China - Southeast Asia
April — June 2002Former Tigers under the Dragon’s Spell
With the United States preoccupied by the war on international terrorism and Southeast Asians concerned above all with economic recovery, China found new space during the quarter for increasing its presence and influence among its southern neighbors. Beijing combined diplomacy with promises of expanded trade in an effort to counter Southeast Asian fears that China’s economic acceleration would leave them impoverished – at least by pre-1997 standards – and with few options for regaining rapid growth. The worries remain, but China may be succeeding in pushing them further into the future.

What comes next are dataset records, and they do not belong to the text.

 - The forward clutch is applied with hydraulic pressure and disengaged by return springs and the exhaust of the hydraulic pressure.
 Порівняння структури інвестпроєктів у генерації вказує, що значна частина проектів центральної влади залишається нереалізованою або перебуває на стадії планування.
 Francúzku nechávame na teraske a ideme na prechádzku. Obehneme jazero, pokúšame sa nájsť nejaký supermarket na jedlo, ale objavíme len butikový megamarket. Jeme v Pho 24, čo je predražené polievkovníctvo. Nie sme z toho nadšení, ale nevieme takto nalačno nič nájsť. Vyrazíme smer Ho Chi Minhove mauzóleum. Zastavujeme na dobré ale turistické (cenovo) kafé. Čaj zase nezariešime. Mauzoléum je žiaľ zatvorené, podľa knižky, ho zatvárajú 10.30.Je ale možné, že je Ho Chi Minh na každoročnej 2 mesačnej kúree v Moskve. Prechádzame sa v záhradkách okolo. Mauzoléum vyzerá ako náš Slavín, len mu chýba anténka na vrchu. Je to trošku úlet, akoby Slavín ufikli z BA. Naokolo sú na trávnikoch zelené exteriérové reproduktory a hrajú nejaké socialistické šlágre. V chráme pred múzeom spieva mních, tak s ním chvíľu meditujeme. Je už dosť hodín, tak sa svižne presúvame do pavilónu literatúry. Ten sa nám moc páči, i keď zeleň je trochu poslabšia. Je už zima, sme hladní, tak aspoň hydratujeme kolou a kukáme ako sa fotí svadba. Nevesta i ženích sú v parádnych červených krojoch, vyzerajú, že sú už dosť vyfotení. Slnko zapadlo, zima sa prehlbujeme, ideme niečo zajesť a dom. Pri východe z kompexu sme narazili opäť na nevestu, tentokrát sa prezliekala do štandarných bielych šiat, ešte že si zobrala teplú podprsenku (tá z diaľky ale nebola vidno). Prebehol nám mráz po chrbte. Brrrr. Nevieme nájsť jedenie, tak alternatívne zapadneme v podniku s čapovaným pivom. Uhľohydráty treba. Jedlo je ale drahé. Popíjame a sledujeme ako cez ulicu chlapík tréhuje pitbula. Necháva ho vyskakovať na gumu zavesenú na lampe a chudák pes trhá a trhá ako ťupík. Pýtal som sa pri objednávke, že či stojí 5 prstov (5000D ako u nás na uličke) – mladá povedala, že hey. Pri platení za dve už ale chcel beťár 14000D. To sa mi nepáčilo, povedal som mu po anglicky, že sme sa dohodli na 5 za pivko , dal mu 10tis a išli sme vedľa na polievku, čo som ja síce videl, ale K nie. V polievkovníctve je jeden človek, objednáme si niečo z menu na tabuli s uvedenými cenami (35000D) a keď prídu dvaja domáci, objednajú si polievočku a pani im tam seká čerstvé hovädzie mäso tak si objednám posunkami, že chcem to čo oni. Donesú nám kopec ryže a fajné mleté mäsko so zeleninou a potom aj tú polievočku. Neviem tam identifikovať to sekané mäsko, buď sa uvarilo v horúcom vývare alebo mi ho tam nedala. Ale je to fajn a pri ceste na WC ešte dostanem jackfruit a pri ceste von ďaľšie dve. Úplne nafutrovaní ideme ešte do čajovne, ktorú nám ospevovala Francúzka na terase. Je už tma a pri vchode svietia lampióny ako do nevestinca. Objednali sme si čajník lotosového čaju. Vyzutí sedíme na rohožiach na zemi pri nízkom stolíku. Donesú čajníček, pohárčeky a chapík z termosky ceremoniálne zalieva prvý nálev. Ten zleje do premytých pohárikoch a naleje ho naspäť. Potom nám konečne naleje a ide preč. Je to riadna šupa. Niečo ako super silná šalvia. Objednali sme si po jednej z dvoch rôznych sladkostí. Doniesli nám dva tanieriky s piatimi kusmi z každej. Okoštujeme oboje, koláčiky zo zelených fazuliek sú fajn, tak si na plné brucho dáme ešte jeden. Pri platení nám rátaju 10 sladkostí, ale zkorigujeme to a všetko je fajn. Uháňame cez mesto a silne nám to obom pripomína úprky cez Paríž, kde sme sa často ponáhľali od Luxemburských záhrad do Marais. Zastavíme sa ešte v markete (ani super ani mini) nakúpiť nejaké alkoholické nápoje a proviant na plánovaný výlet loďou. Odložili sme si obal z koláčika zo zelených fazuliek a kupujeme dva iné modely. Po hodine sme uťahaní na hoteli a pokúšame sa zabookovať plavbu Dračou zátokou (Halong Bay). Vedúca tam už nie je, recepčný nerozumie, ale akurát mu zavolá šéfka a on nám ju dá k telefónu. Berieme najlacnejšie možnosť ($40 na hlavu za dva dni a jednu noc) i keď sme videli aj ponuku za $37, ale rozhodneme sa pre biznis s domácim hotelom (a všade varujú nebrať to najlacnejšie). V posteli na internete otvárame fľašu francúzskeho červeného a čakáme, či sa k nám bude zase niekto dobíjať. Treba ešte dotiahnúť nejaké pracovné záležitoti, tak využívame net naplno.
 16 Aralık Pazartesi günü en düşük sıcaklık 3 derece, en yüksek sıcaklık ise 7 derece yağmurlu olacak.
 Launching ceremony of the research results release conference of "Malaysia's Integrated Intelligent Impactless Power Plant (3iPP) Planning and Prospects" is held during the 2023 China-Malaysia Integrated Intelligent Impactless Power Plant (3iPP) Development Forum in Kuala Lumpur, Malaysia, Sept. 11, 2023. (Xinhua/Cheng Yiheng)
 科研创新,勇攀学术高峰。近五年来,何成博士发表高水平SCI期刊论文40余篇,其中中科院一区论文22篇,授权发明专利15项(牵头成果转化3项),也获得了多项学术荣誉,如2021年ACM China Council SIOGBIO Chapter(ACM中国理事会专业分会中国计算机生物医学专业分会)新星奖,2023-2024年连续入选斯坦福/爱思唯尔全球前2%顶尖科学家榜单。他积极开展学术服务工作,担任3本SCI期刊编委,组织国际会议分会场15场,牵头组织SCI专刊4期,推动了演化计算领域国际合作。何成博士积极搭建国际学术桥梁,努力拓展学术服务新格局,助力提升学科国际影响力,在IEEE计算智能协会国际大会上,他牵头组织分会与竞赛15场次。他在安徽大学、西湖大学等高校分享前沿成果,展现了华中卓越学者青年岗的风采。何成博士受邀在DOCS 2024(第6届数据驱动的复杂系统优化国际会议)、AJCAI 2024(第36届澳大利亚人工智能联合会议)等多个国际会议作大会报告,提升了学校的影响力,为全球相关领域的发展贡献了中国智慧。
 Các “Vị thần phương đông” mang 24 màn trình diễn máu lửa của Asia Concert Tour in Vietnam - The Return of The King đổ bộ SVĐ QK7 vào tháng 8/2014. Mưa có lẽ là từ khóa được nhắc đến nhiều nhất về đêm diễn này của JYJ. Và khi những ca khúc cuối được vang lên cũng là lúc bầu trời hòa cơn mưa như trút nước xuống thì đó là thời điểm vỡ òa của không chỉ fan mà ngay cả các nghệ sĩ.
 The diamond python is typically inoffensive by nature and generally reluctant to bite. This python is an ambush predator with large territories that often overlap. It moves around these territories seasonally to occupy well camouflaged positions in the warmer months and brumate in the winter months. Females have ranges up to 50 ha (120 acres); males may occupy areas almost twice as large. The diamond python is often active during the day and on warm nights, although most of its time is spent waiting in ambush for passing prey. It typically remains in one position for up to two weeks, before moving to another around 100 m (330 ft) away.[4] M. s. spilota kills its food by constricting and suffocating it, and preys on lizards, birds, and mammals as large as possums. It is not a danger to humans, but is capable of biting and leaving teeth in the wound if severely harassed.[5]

Meanwhile, admiration for China’s attentive cultivation of the region, including successful visits by PRC Vice President Hu Jintao to Malaysia and Singapore, is widespread. New Chinese energy investments in Indonesia, and Beijing’s invitation to Singapore to play a role in development of China’s western regions, furthered the impression of growing interdependence, rather than domination by China.
Relief is also widespread in most ASEAN capitals that the United States and China appear to be mending relations. China’s political support for the war on terrorism, and its acceptance of operations near its borders, in Central Asia and the Philippines, that increase U.S. influence, generate comfort in Southeast Asian capitals. Regional observers note the change from a year ago, in the aftermath of the EP-3 reconnaissance plane incident. ASEAN capitals are concerned that firmer, less ambiguous U.S. commitments to Taiwan’s security could lead to another, more serious, Taiwan Strait crisis but do not see this happening in the near term.